3 comments

[ 0.23 ms ] story [ 14.7 ms ] thread
Very impressive stuff. We should see more and more of this sort of assistive technology, to alleviate and improve on the manual labour of programming. This isn't a language issue, although perhaps this sort of branch annotation in production systems is the sort of thing a futuristic language runtime might offer.
From an operations standpoint while I'd certainly like to see more logging in code branches that aren't seen often or expected by the developers (I am all too familiar with patching code that a developer wrote without knowing how many ways a function can fail outside the confines of their test environment) many of the logging statements I'd like to see are pretty routine and let me know that something is actually running as expected. This methodology errs on the side of removing statements I'd want.
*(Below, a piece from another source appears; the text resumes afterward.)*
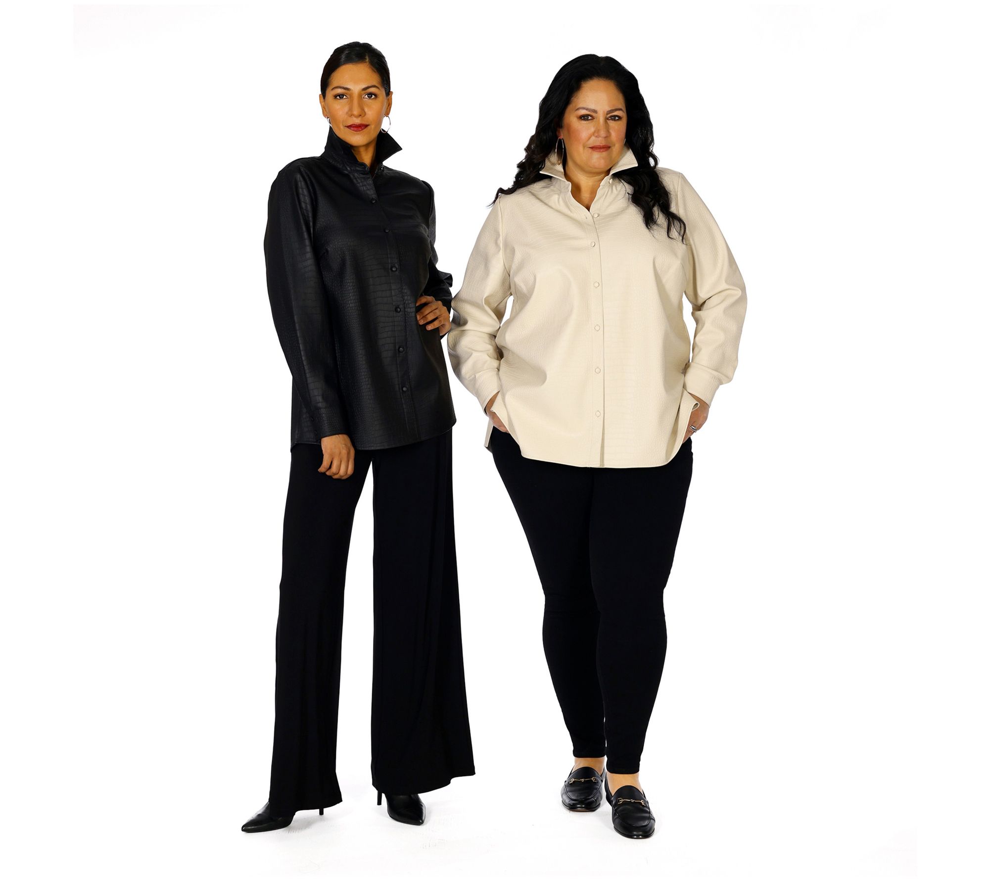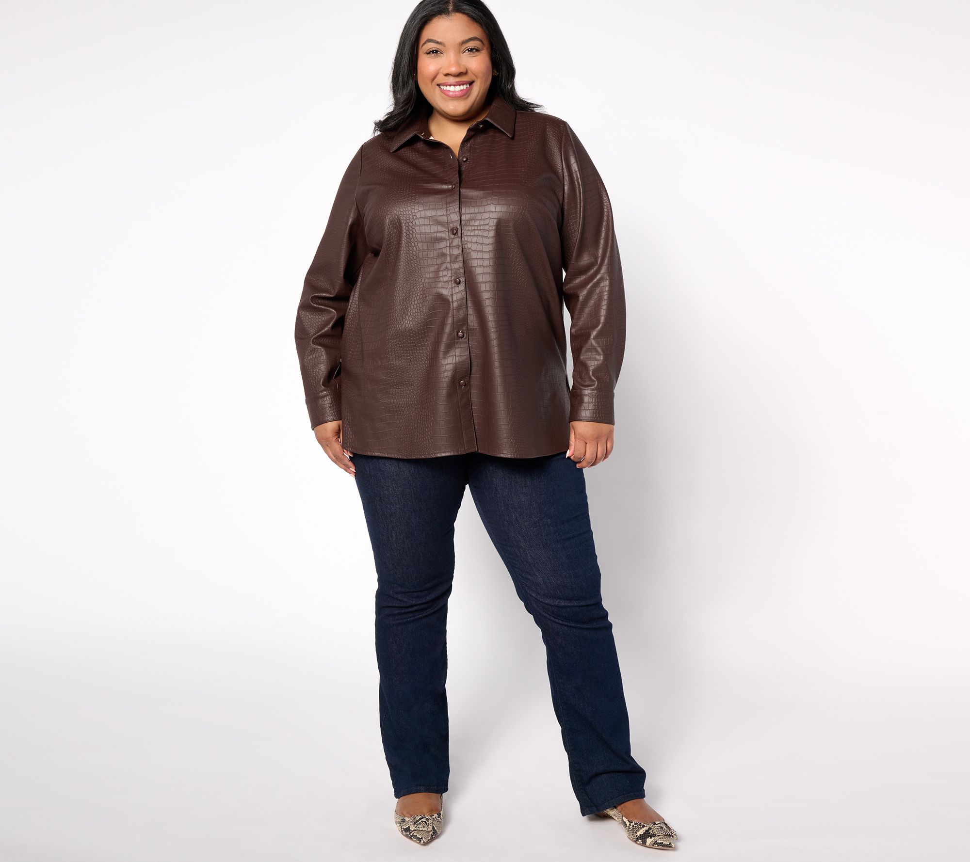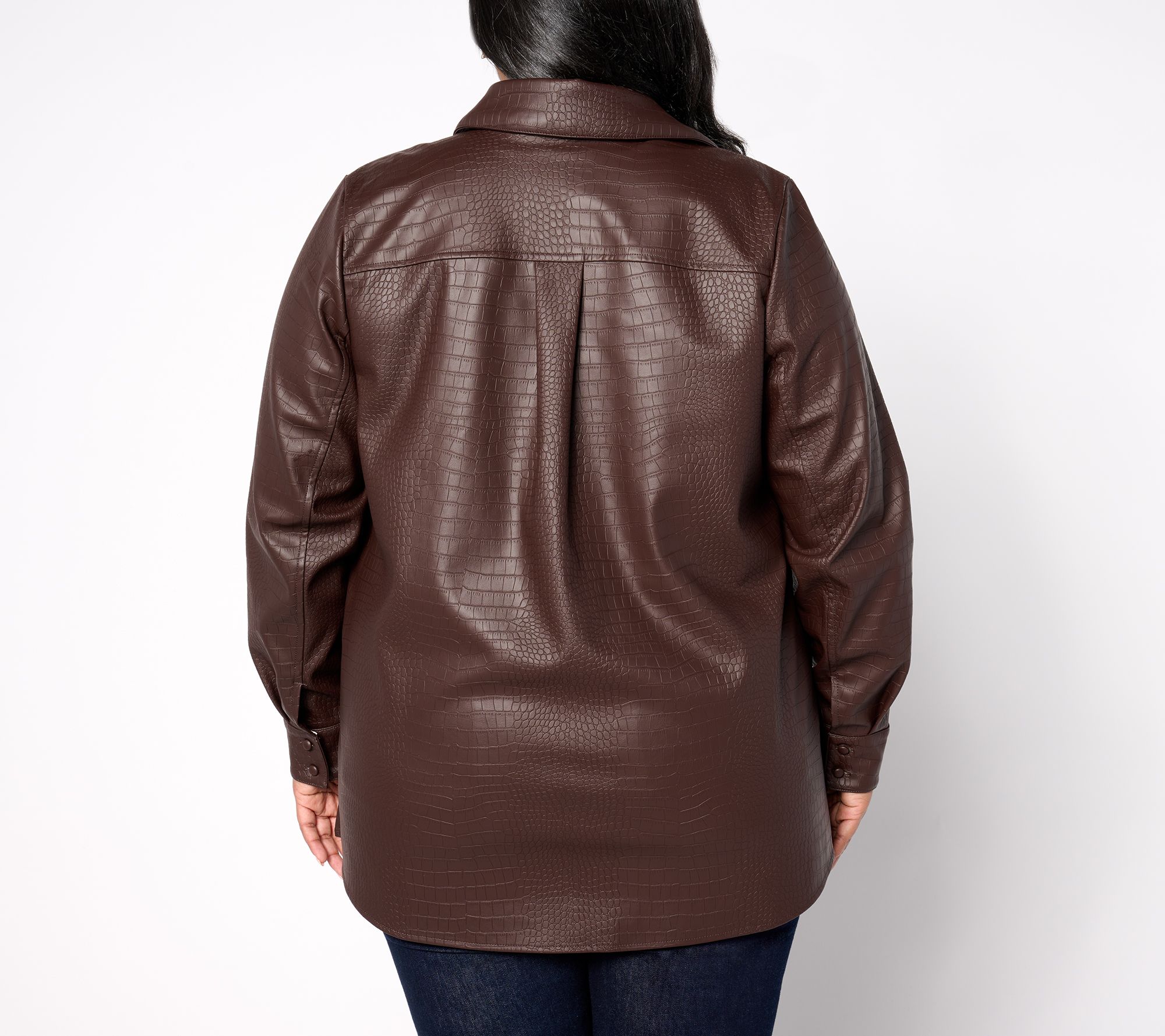 Your style evolution requires sophisticated pieces that do double (and triple) duty and wash easy. This textured faux-leather shirt checks alll the boxes! Unbutton over a tank and jeans for a chic lunch with the girls, mate to trousers for pro-polished office days, or slip on with your sleekest pants and sultriest heels for a night on the town. From Dennis Basso.

In the absence of instrumentation and infrastructure that can definitively tell me that a program has not deadlocked, I'd far rather have a crying baby than a silent baby.

With that said, I've seen developers write some woefully negligent logging statements that cost millions of dollars in production monthly due to the sheer amount of output that's generated and the extra management and storage costs necessary. When your write amplification from a 1 KB input blows up into 100MB minimum and 50% of that is whitespace or semantically useless statements like "ok" you have to start questioning the value of a log statement in that environment at all.

This is a topic that doesn't get much discussion so I'm glad to see people actually studying it.

> From an operations standpoint [...] many of the logging statements I'd like to see are pretty routine and let me know that something is actually running as expected.

Not to mention that these "everything OK" logs allow to track where exactly some data landed or where to look for more context. Logs are not just for reporting errors.